The following discourses were delivered in the Broadway Tabernacle on the Sunday evenings between January first and Easter of the winters of 1907 and 1908, twelve of them in the former year and fourteen of them in the latter. They are simple studies in the character of Jesus, the twofold purpose of the preacher being to incite professing Christians to a deeper devotion to their Master, and to awaken in non-Christians a desire to know more of the founder of the Christian church, and to persuade them to become his followers. The congregations were composed largely of young men, not a few of them being students.

It is in response to numerous requests of these young men that the sermons are now published. No preacher speaks entirely as he writes, or writes altogether as he speaks. The sermons have been allowed to retain for the most part the unstudied form of extemporaneous discourse, not even the repetitions being eliminated, which are inevitable in a course of sermons addressed to a congregation changing from week to week. Questions of authorship and text were all left untouched, as having but slight interest for a majority of those who heard the sermons.

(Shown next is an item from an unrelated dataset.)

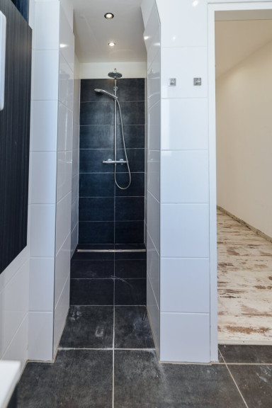 Das moderne Badezimmer ist mit einer eleganten Dusche ausgestattet und lädt zum Erfrischen und Wohlfühlen ein. Abgerundet wird das Angebot durch einen praktischen Abstellraum, der neben zusätzlichem Stauraum auch einen Waschmaschinenanschluss bietet – ein Komfort, den man im Alltag schnell zu schätzen weiß.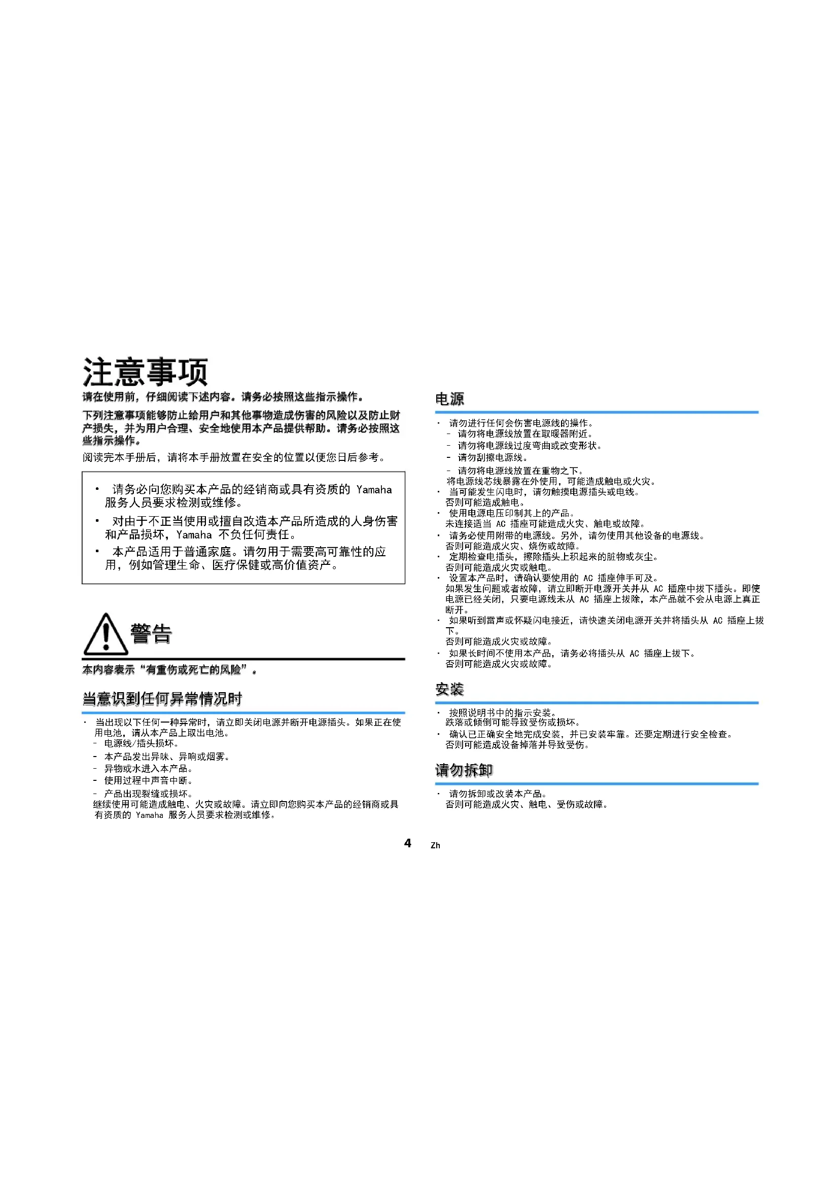 - 当出现以下任何一种异常时,请立即关闭电源并断开电源插头。如果正在使用电池,请从本产品上取出电池。– 电源线/插头损坏。– 本产品发出异味、异响或烟雾。– 异物或水进入本产品。– 使用过程中声音中断。– 产品出现裂缝或损坏。 继续使用可能造成触电、火灾或故障。请立即向您购买本产品的经销商或具有资质的 Yamaha 服务人员要求检测或维修。

After a study of a considerable portion of the voluminous New Testament criticism of the last thirty years, the preacher has no hesitation in asserting his conviction that the Gospels give us credible history, and that they, while not inerrant, present us a portrait of Jesus sufficiently accurate to do the work which God intends it shall do. In spite of all that has been written to the contrary, the preacher has found no solid reason for thinking that the reliable passages in the Gospels are few, or that the portrait is a work of imagination inspired and colored by affection. The men who wrote the Gospels are in his judgment more trust-worthy than any of the men who have endeavored to discredit them.

The two opening sermons were preached, one at the beginning of 1907, the other at the beginning of 1908.